Her words cut through me. “I’m really sorry to hear-”

“The special ed room? Seriously? I’m already the school’s biggest freak, and now everyone thinks I’m retarded, too.”

“Mentally challenged,” I correct automatically, and Lucy gives me the look of death.

“I think you need to play some percussion,” I announce.

“And I think you need to go f____________________.”

“That’s enough.” I grab her wrist-the one that isn’t injured-and tug her to a standing position. “We’re going on a field trip.”
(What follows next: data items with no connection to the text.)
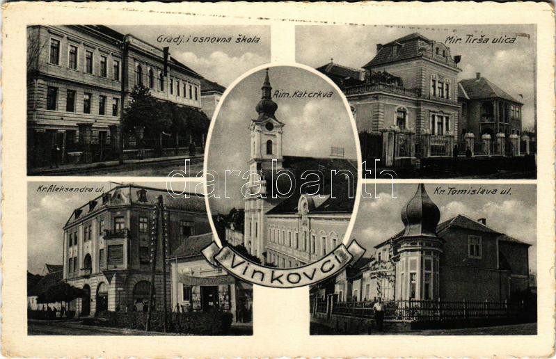 Leírás: Vinkovce, Vinkovci; Gradj. i osovna skola, Mir. Tirsa ulica, Rim. Kat. crkva, Kr. Aleksandra ul., Kr. Tomislava ul. Naklada Ivan Matievac / mozaiklap 5 képpel: iskola, templom, utcaképek / multi-view postcard with 5 images: school, church, street views (ázott sarok / wet corner)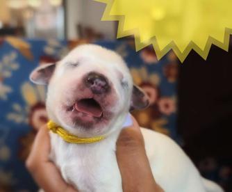Our puppies are white and black. Colors will vary depending on the parent dogs.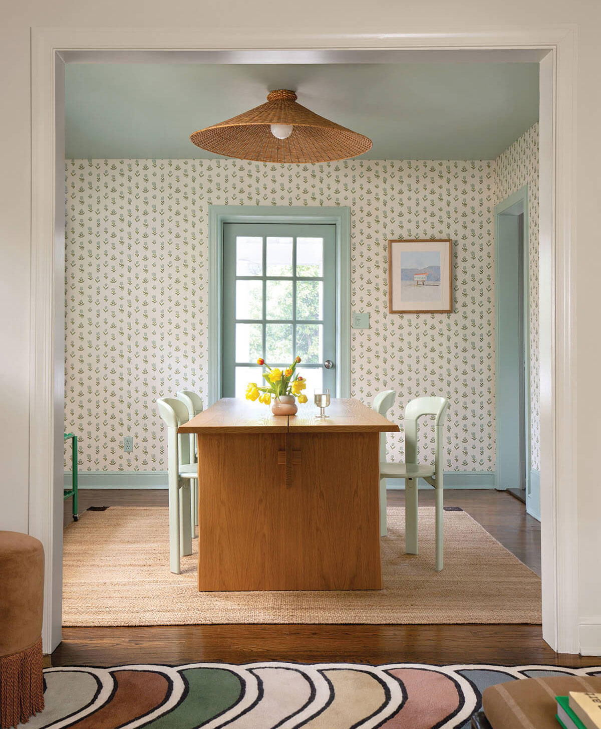 Surrounded By Color transformed a very small and not functional dining room into a bright and colorful space with a new table, painted floral paper, and one of their favorite light blue paints by Backdrop on the ceiling. The oversized wicker light helps ground the room and add texture. “I can appreciate the color story and spatial planning for this small dining room,” says Williams. “It appears larger than it is.”

At first I am dragging her, but by the time we are headed down the hallway, she is tagging along willingly. We pass couples plastered to lockers, making out; we skirt four giggling girls who are bent over a phone, staring at the screen; we weave between the overstuffed lacrosse players in their team jerseys.

The only reason I even know where the cafeteria is, is because Vanessa’s taken me there for coffee other times when I’ve been at the school. It looks like every other school cafeteria I’ve ever seen-a life-size petri dish breeding social discontent, students sorting themselves into individual genuses: the Popular Kids, the Geeks, the Jocks, the Emos. At Wilmington High the hot lunch line and kitchen are tucked behind the tables, so we march right down the center of the caf and up to the woman who is slinging mashed potatoes onto plates. “I’m going to need you to clear this area,” I announce.
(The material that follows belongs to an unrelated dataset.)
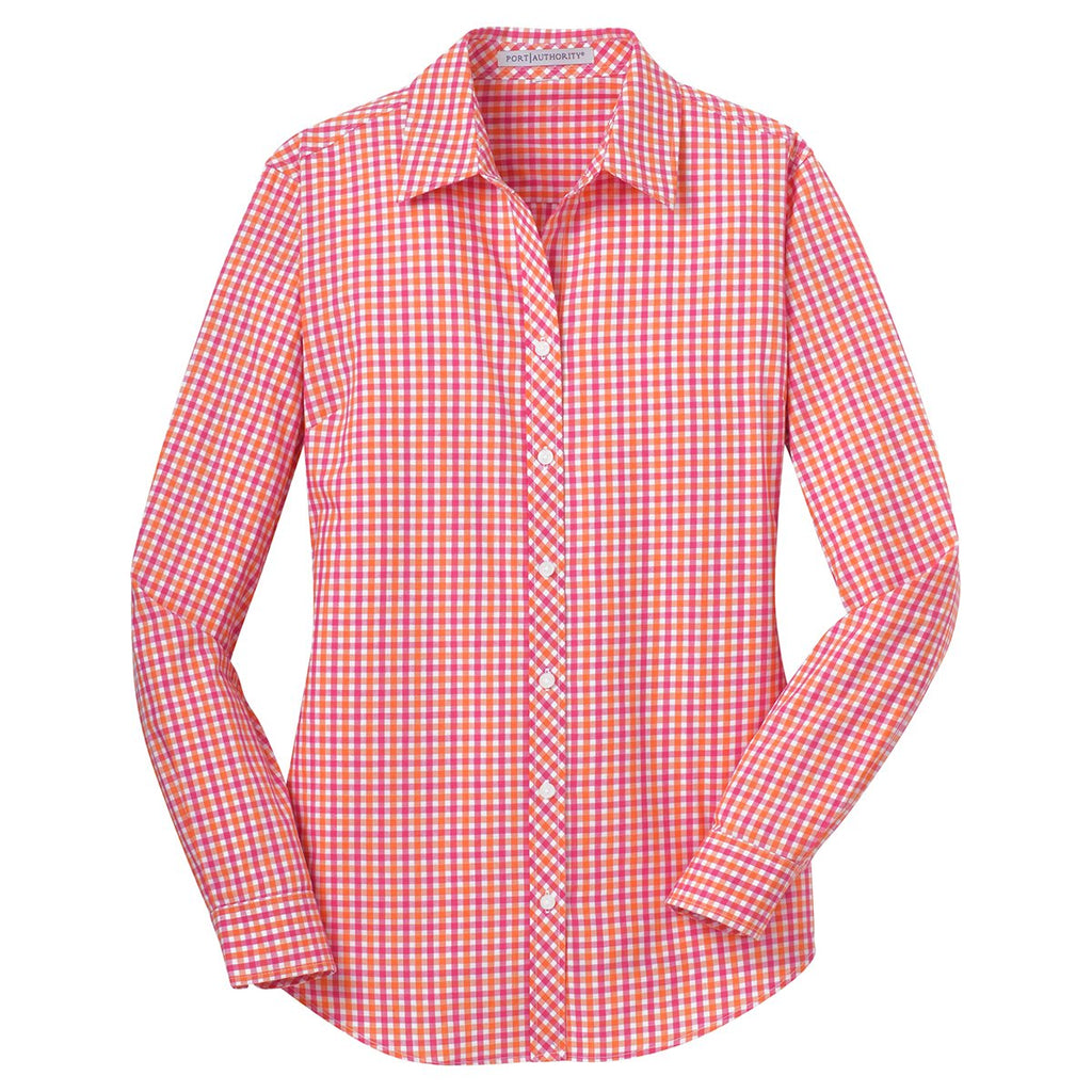 If you were putting together a recipe for a stylish and modern dress shirt, it wouldn't be too complicated. It would probably look like Port Authority Women's Tangerine/Pink Long Sleeve Gingham Easy Care Shirt. Make sure the colors suit your style or brand and voila: you've got custom apparel that suits your sense of style. But there is one missing ingredient we can recommend: your embroidered company logo.Highlights

“Oh, you are,” she says, and she raises a brow. “Who died and left you queen?”

“I’m one of the school therapists.” This is not exactly true. I have no affiliation with the school. Which is why, when I get into trouble for doing this, it won’t really be devastating. “Just a little ten-minute break.”
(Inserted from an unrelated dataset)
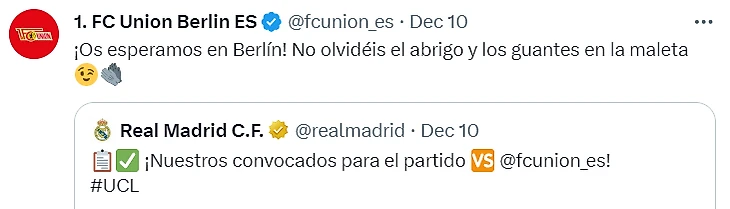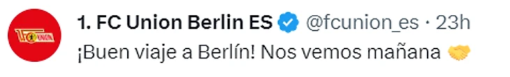 Испаноязычный аккаунт «Униона» пожелал сливочным удачной дороги: «Приятной поездки в Берлин! Увидимся завтра».

“I didn’t get a memo about this-”

“Look.” I pull her aside and, in my best educator voice, say, “I have a suicidal girl here, and I’m doing some esteem building. Now, last time I checked, this school and every other school in the country had a suicide prevention initiative on the docket. Do you really want the superintendent to find out that you were impeding progress?”

I am completely bluffing. I don’t even know the name of the superintendent. And Vanessa will either kill me when she hears I did this or congratulate me-I’m just not sure which.

“I’m going to get the principal,” the woman huffs. Ignoring her, I move behind the counter and begin to grab hanging pots and pans and turn them over on the work surfaces. I gather ladles, spoons, spatulas.

“You’re going to get reamed,” Lucy says.

“I don’t work for the school,” I reply, shrugging. “I’m an outsider, too.” I set up two drumming stations-one makeshift high hat (an overturned skillet), a snare (an overturned pot), and leave the metal server door at our feet to be the bass drum. “We’re going to play the drums,” I announce.

Lucy looks at the kids in the cafeteria-some of whom are watching us, most of whom are simply ignoring us. “Or not.”

“Lucy, did you or did you not want to get out of that awful special ed room? Get over here and stop arguing with me.”

To my surprise, she actually does. “On the floor is our kick drum. Four beats, even. Kick it with your left foot, because you’re a lefty.” As I count off, I hit my boot against the metal doors of the serving table. “You try it.”

“This is really stupid,” Lucy says, but she tentatively kicks the metal, too.

“Great. That’s four-four time,” I tell her. “Now your snare is at your right hand.” I hand her a metal spoon and point to the overturned pot. “Hit on beats two and four.”

“For real?” Lucy asks.

As an answer, I play the next beat-eighth notes on the high hat: one-and-two-and-three-and-four. Lucy keeps up her rhythm, and with her left hand copies what I’m doing. “Don’t stop,” I tell her. “That’s a basic backbeat.” Over the cacophony I pick up two wooden spatulas and do a drum solo.